> Work to complete: Copy exactly the lines starting at the one that contains "Members of an" and running through the end of the material below. Exclude any pictures.

> Supplied information:
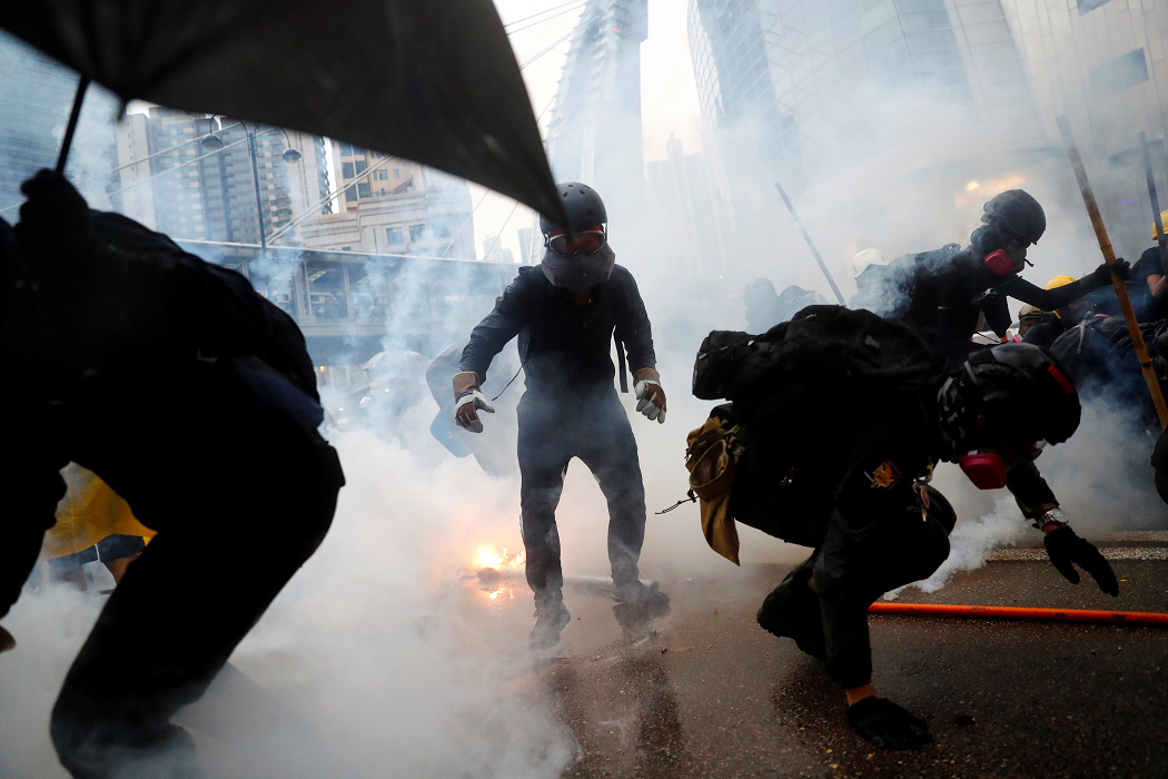 Demonstrators are surrounded by tear gas during a protest in Tsuen Wan, in Hong Kong, China, August 25, 2019. © REUTERS/Kai Pfaffenbach
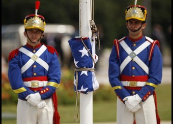 Members of an honor guard stand by a U.S. flag before the arrival of U.S. President Barack Obama at Planalto Palace in Brasilia, Brazil March 19, 2011. REUTERS/Kevin Lamarque (BRAZIL – Tags: POLITICS MILITARY)
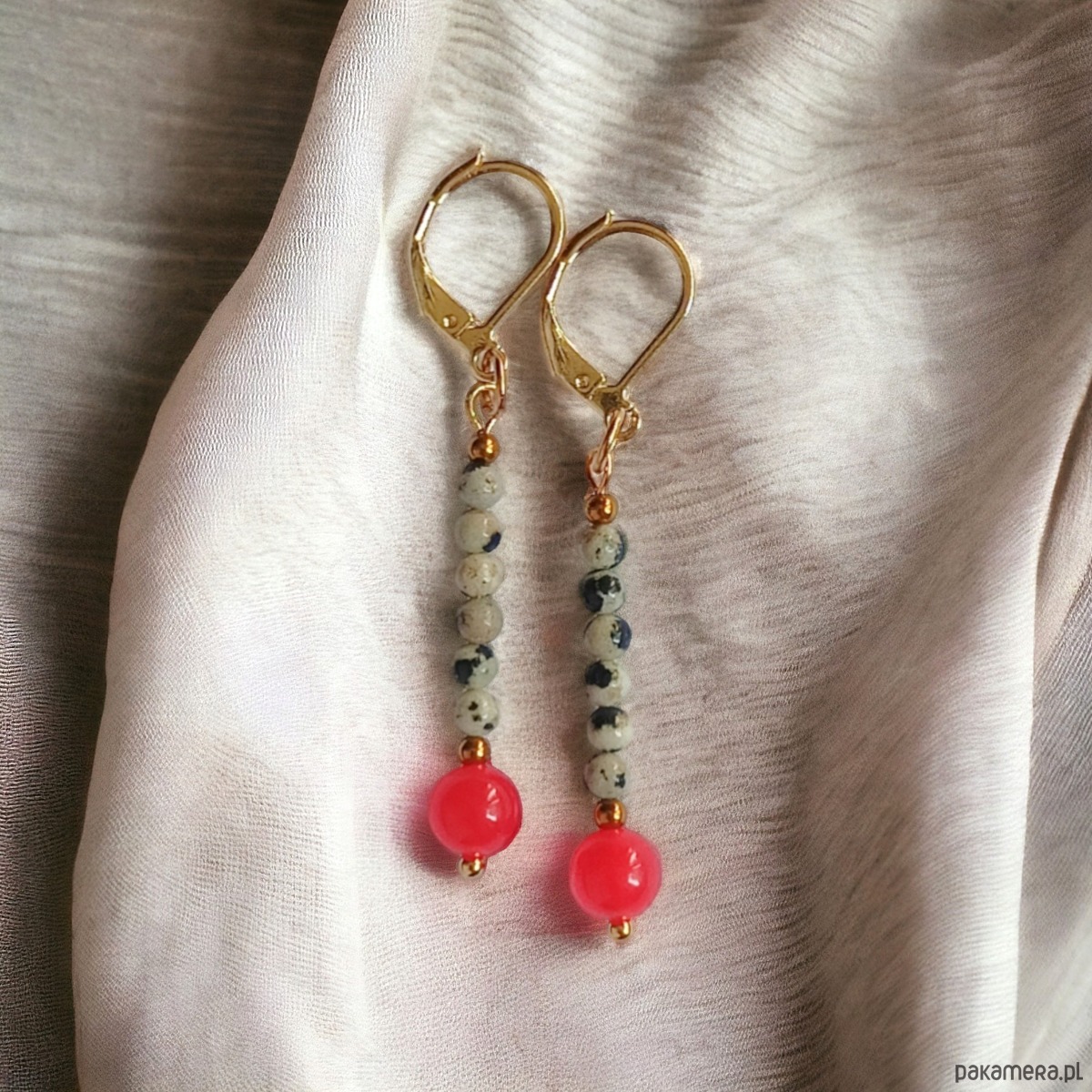 Kolczyki zostały wykonane z drobniutkich kuleczek jaspisu dalmatyńskiego 3mm, przekładek ze złotego hematytu oraz kontrastujących kul jadeitu w soczystym odcieniu czerwieni (6mm)

> Solution to this task:
 Members of an honor guard stand by a U.S. flag before the arrival of U.S. President Barack Obama at Planalto Palace in Brasilia, Brazil March 19, 2011. REUTERS/Kevin Lamarque (BRAZIL – Tags: POLITICS MILITARY)
 Kolczyki zostały wykonane z drobniutkich kuleczek jaspisu dalmatyńskiego 3mm, przekładek ze złotego hematytu oraz kontrastujących kul jadeitu w soczystym odcieniu czerwieni (6mm)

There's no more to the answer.